Chaque jour, c’est le même rituel. Les derniers commerçants du vieux souk d’Alep se retrouvent dans les travées désertes de ce qui faisait autrefois la grandeur de la capitale économique de la Syrie. « On vendait des étoffes alépines à des clients du monde entier, d’Irak, d’Azerbaïdjan, de Jordanie et du Golfe. Les affaires se portaient bien. De jour comme de nuit, on préparait la marchandise pour le lendemain. On vendait tout », poursuit-il en parcourant les ruines de sa vie passée.

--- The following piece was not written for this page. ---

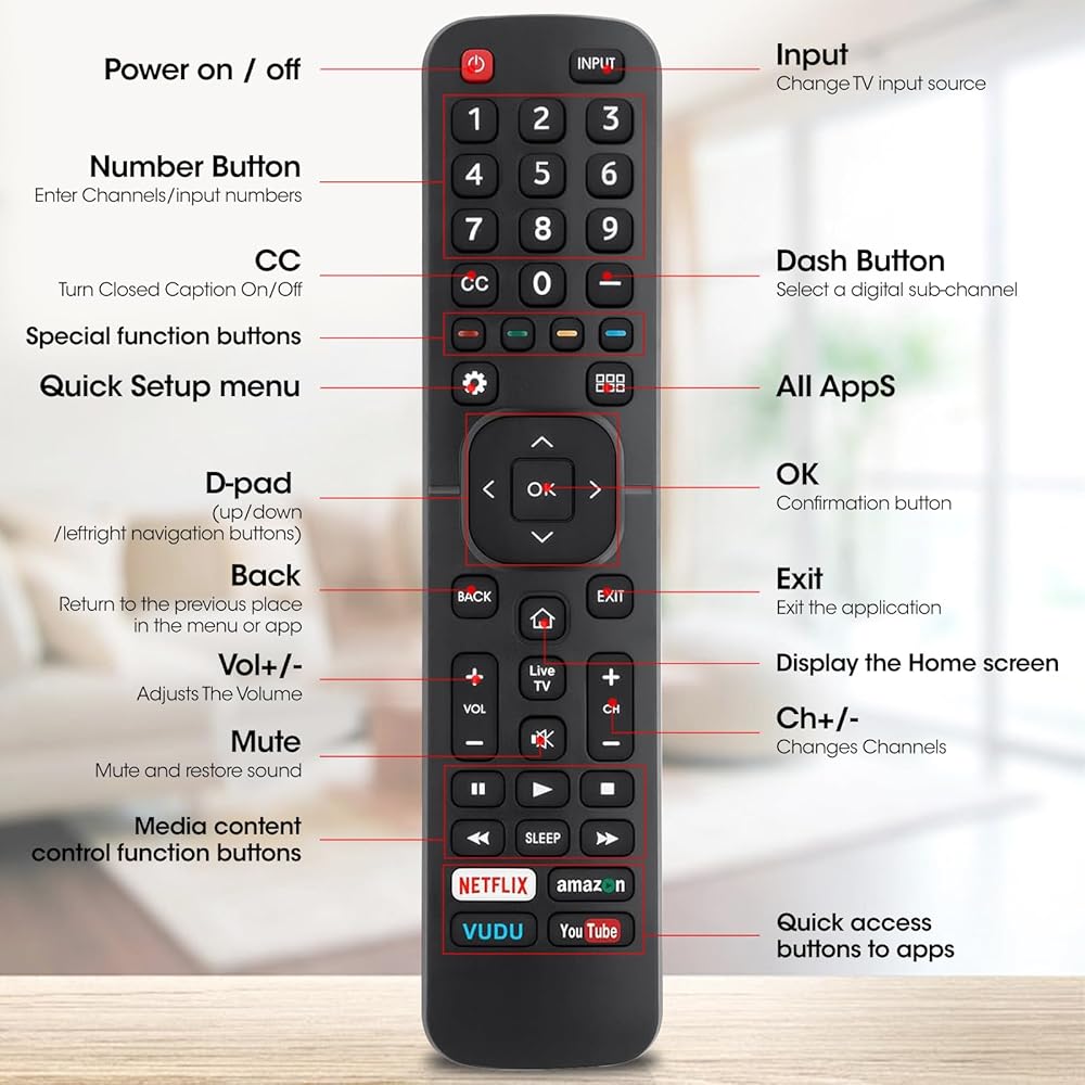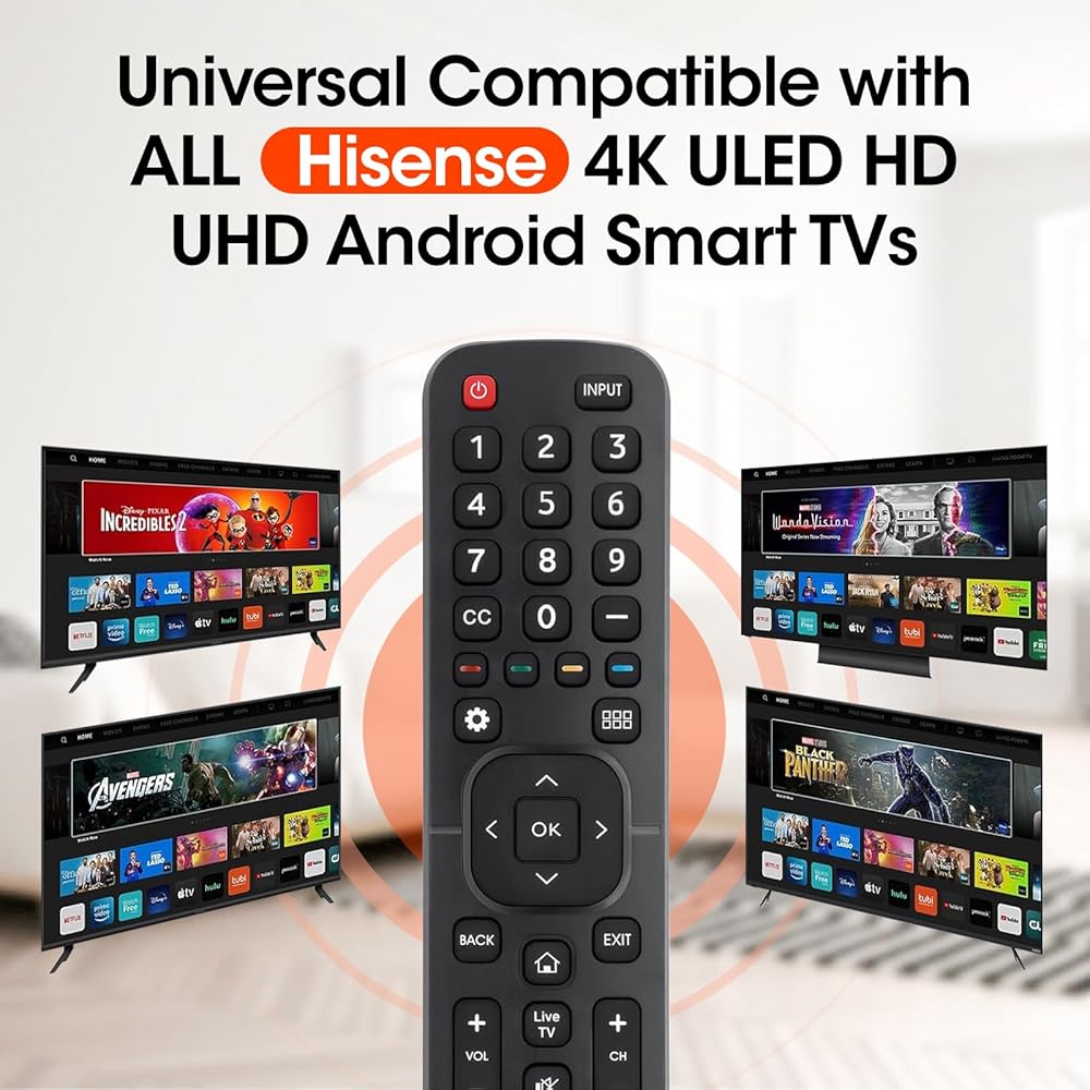 • 🧰(جهاز التحكم عن بعد العالمي المتوافق مع جميع تلفزيونات Hisense 4K ULED HD UHD Android الذكية، يحافظ على جميع جودة ووظائف جهاز التحكم عن بعد الأصلي.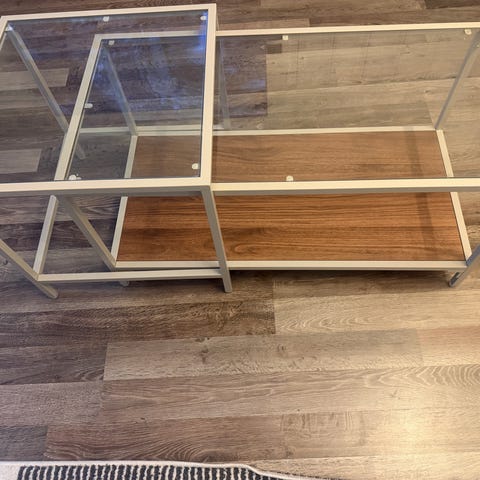 Salongbord fra Ikea. Glassplatene har noen svake riper, som er vanskelig å få med på bilde. De synes ikke noe særlig i vanlig stuebelysning.

Au pied de la citadelle d’Alep, ce labyrinthe voûté de 12 kilomètres de long abritait plus de 4 000 échoppes et une cinquantaine de caravansérails, certains datant de plus de trois cents ans avant J.-C. A l’époque ottomane, le marché d’Alep était l’un des plus vastes au monde. S’y échangeaient des parfums, des épices, des pierres précieuses, de la soie et du coton, autant de denrées acheminées par des caravanes venues d’Inde, d’Iran ou de la péninsule Arabique, qui reprenaient ensuite la direction de Venise ou de Rome, via la Méditerranée.